Por Mataji Shaktiananda
Alan Parker nos incrustó un par alas hace mucho tiempo cuando mostró la realidad de los excombatientes a través de Birdy. Vietnam sería la bala de la trama y, aunque la realidad quedaba lejos, nunca fue ajena. Todos tenemos nuestras heridas de guerras, aunque no existan las batallas presenciales. Cargamos nuestros estigmas colectivos. Con esta tremenda peli -mi favorita, además- nos dejó la tarea de querer saber cuándo desplegarlas y así volar hacia nuestra realidad, la única: la interna. Cumplido el deber.
Nos introdujo a toda una generación, ataviadas de leotardos y calentadores, a observar las mieles y los sinsabores de la gloria en Fama, a través de una escuela de aprendices de las artes buscando el ansiado salto hacia “broadhollywood”, quimera de vida para muchos. No hay mayor éxito que dar con la verdad interna, entendido desde entonces.
Nos advirtió sobre las drogas y su posesión o tráfico de manera brutal en Expreso de Medianoche, historia real de un norteamericano apresado en Turquía con hachís y sus penurias para salir de una cárcel inhumana. De estar a poco de enloquecer, escapó. La libertad real está en la conciencia, supe.
The wall, fue un estallido mudo de sentimientos para nada encontrados, todos desfilaban al mismo ritmo y a la par de las hordas animadas bajo la estridencia penetrante de Pink Floyd. Llevados, quedamos a querer fijar resistencia ante todo convencionalismo de cualquier índole. El mundo aplasta y no hay respiro. ¿Suena conocido? Sumando a Mississippi en llamas, la historia signa a la humanidad que no se deslastra de prejuicios.

Padecimiento crudo y rudo como pan diario.

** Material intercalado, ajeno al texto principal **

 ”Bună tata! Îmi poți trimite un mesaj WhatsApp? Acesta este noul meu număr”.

La oscuridad, sus tensiones y tentaciones, las esclareció en El Corazón del Ángel, con un De Niro infernal que le seguía los pasos a quien desconocía su sombra. Nos dejó saber que nadie tiñe nada de luz mientras oscuro es el recuerdo. De maldiciones y bendiciones mal adquiridas nos libró el señor Parker con este trabajo magistral y muy criticado.

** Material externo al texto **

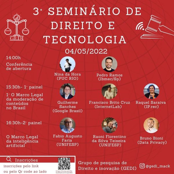 Nesta quarta-feira (04/05/2022), ocorrerá o Terceiro Seminário de Direito e Tecnologia, promovido pelo GEDI, grupo de estudos da Faculdade de Direito da Universidade Presbiteriana Mackenzie. O evento terá início às 14:00 e último painel previsto para 16:30. As inscrições estão disponíveis via QR code da foto em anexo ao site ou em: forms.gle/DybyXKphanUrajmMA. O evento... Continuar Lendo →
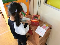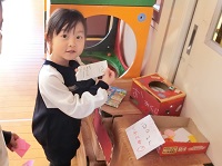 「お金を入れる箱も!」適当な大きさの段ボールに画用紙を貼って、穴をあけて…
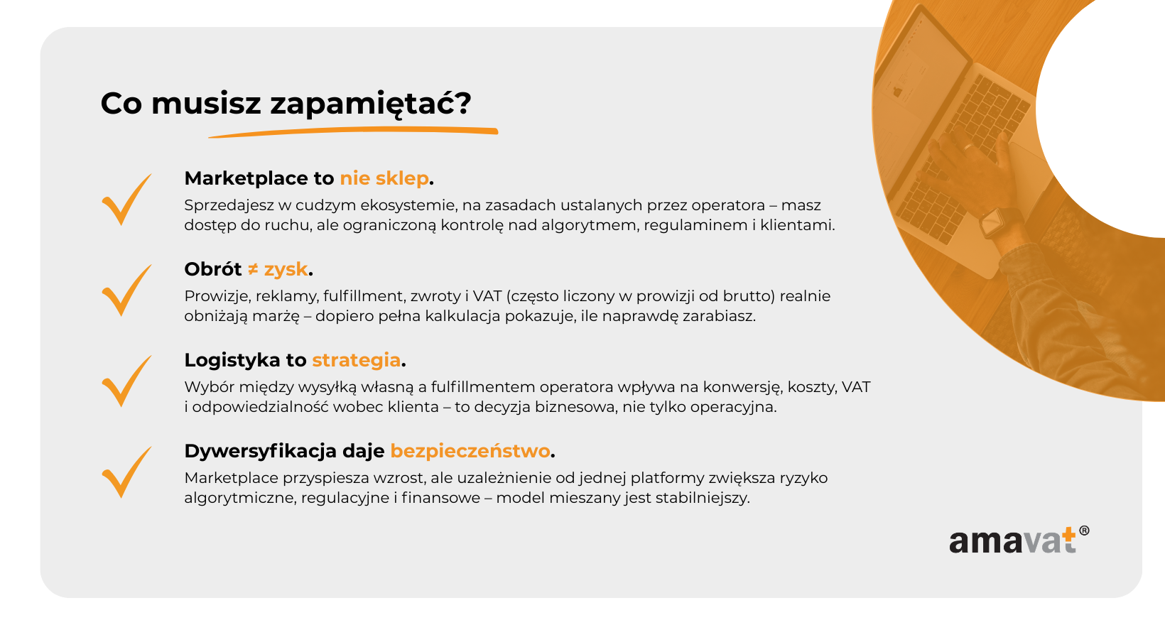 Model mieszany, łączący sprzedaż na marketplace z własnym sklepem internetowym, w praktyce okazuje się najbezpieczniejszym podejściem. Platforma generuje wolumen i dostęp do szerokiego rynku, natomiast sklep własny buduje marżę, relację z klientem i długoterminową wartość przedsiębiorstwa. Dywersyfikacja kanałów zmniejsza ryzyko algorytmiczne, regulacyjne i operacyjne, a jednocześnie zwiększa odporność firmy na nagłe zmiany warunków współpracy.

Antes, mucho antes, todas nos sentimos frenéticamente Melody, arrulladas por los Bee Gees, creyendo en lo pueril e inocente que era el amor. Algo tan sublime como un juego de niños. Ahí la pluma de Parker, novel guionista entonces, edulcoró en nuestra más temprana infancia, el amor de pareja. Sí Alan, primero debe existe el amor en uno, acepté a llantos. Los mismos que quizá le hicieron brindar Después del amor, tocando sus propias sentimientos y rupturas.

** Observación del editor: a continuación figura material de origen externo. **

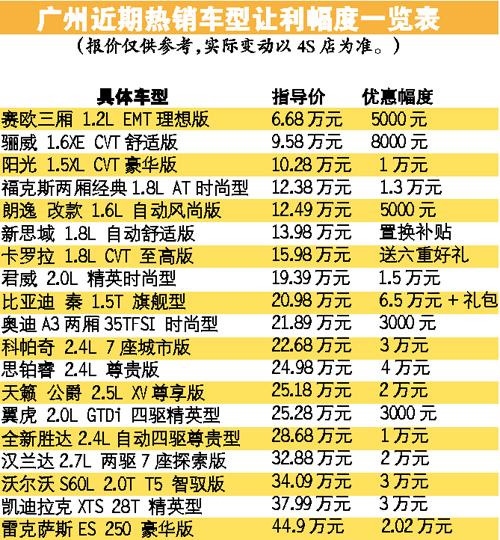 令车商稍显安慰的是:此时仍愿意顶着大太阳来看车的客户,基本是有急切买车需求,成交率高。由于近期上市新车较多,竞争激烈导致大多新车价只能降价应对,尤其是一些不太紧俏的车型,刺激了不少消费者前来“抄底”特价车,如雷克萨斯旗下多款车型八折起。随着巴西世界杯即将步入尾声,车商都在把握时机做最后一轮的“世界杯限量定制车型”促销活动,如起亚、现代都有专属的广州特供“世界杯版”车型,增配不加价,性价比不错,配合这些车型的是优惠的置换和车贷方案。有经销商向记者表示:广州今年六七月份的新车优惠几乎是有史以来最给力的一次。

Cito estas películas porque de cierta forma me mueve tanto más lo que se experimenta. Lo visto, lo sentido, el incruste celular. Ese es lo que me produce certeza y confianza y este señor ayudó a forjarnos eso. Vuele alto señor Parker que usted tiene con qué, bien supo burlar a quienes todo critican y todo objetan. Eso también nos enseñó, hacer frente y no callar.
P.D.
A principios de los ochenta Fama, me arrancó las ganas de hacer un texto. Me pasearía por mis veinte, estudiando los primeros semestres de periodismo, cuando todo el delire producido lo expresé en un minúsculo artículo. Alguien muy cercano me conminó a escribir una pequeña crítica que se convirtió en mi primer artículo publicado en un medio impreso en el que desde entonces trabajaría por once años: El Diario de Caracas.